A circumscribed collection of fluid rich in pancreatic enzymes, blood, and necrotic tissue, typically located in the lesser sac of the abdomen. Pancreatic pseudocysts are usually complications of pancreatitis, although in children they frequently occur following abdominal trauma.
What is mucocoele of gallbladder?
A gallbladder mucocele is the distention of the gallbladder by an inappropriate accumulation of mucus.
What is acute haemorrhagic pancreatitis?
Characterised by acute inflammation and necrosis of pancreas parenchyma, focal enzymic necrosis of pancreatic fat and vessel necrosis (haemorrhage). These are produced by intrapancreatic activation of pancreatic enzymes.
Signs and symptoms of carcinoma of pancreas
Painless obstructive jaundice, new onset diabetes, abdominal pain due to pancreatic insufficiency or nerve invasion. Tumours in head may obstruct pancreatic duct and bile duct- “double duct sign” on radiology.

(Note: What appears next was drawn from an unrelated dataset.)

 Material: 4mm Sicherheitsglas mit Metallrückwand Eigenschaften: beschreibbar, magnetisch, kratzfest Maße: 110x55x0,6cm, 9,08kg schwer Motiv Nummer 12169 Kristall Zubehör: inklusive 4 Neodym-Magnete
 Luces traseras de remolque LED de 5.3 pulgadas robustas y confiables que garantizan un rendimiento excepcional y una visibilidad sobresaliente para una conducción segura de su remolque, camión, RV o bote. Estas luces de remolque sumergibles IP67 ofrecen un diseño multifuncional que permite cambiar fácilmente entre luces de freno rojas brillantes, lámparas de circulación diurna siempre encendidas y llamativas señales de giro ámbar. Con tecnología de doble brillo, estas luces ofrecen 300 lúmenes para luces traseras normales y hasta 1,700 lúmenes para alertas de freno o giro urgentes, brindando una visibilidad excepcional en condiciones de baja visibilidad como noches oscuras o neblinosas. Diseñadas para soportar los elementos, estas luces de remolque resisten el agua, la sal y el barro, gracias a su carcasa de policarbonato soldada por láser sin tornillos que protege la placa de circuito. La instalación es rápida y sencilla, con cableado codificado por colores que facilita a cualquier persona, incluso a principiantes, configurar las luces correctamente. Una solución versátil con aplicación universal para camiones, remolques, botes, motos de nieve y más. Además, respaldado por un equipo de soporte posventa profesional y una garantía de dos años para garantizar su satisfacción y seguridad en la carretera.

What is the “double duct sign” and what causes it?
In radiology, double duct sign is simultaneous dilation of the common bile duct and pancreatic ducts. 2 most common causes are carcinoma in head of pancreas and ampullary tumours.
What is Whipple’s resection?
Operation to remove tumours in head of pancreas. Only 10% of patients suitable for operation. 75% incompletely excised. Average life expectancy following operation is 20 months.

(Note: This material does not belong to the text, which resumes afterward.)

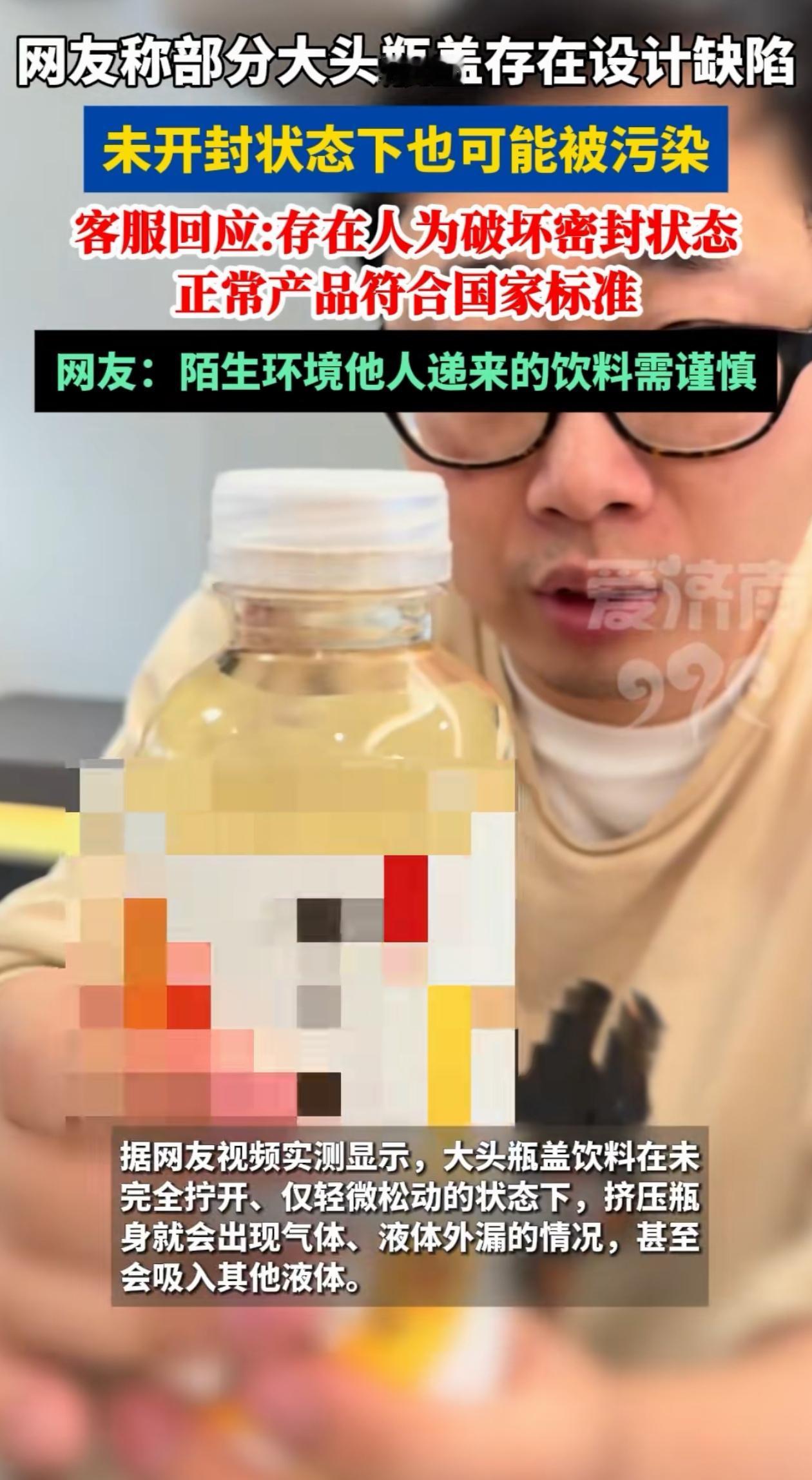 出乎意料了!男子发现市面上那种“大头瓶盖”的饮料,可能存在设计上的小毛病。他演示了一下,发现哪怕瓶子没开封,只是瓶盖稍微有点松动,这个时候用手一捏瓶身,里头的液体就可能渗出来,甚至外面的脏东西也有可能被吸进去。 这可不是小事,万一在运输、储存过程中沾上点不干净的东西,消费者拧开就喝,健康风险可就大了。 面对质疑,相关企业的客服出来回应了,话术挺经典:说这是“人为破坏密封状态”导致的,正常出厂的产品那都是符合国家标准的,绝对安全。 这回应一出,网上更热闹了。有网友觉得功能性设计和绝对密封,有时候就像鱼和熊掌。 企业解释大头瓶盖采用“先泄压再断环”设计,主要是为了防止碳酸饮料内部压力太大,“嘭”一下把盖子顶飞。 这个设计逻辑本身有它的道理,相当于给瓶内压力装了个安全阀。 但问题就在于,在瓶盖没拧到位或者轻微松动时,它就成了液体和外界交换的薄弱点,很容易给外面的东西“可乘之机”。 当然,客服说“符合国标”可能也没有错,因为现行的国家标准,主要关注的是瓶盖的物理强度、卫生指标这些出厂状态。 对于“瓶盖轻微松动到啥程度会漏液”、“螺纹部分如何防止外部污染侵入”这些具体又细微的使用场景,标准里可能没有,或者缺乏明确的量化规定,所以才会导致顾客和客服都觉得自己有理。 但说到底,真正的“安全”和“合格”,不应该只是流水线终点的一份检测报告,更应该贯穿于产品被拿起、被触碰、被使用的每一个细微瞬间。 毕竟,喝到嘴里的东西,容不得半点“大概也许可能没问题”!

Neoadjuvant therapy for carcinoma of pancreas
Folfirinox chemotherapy associated with (limited) improvement in metastatic disease. Early data suggests that neoadjuvant therapy improved margin status and may be associated with longer survival.
Carcinoma of gallbladder
Rare. Gallstones present in 80% of cases. Adenocarcinoma.
What are the most common causes of abnormal liver blood tests?
Fatty liver (alcoholic or non-alcoholic), chronic viral hepatitis, autoimmune liver disease, haemochromatosis.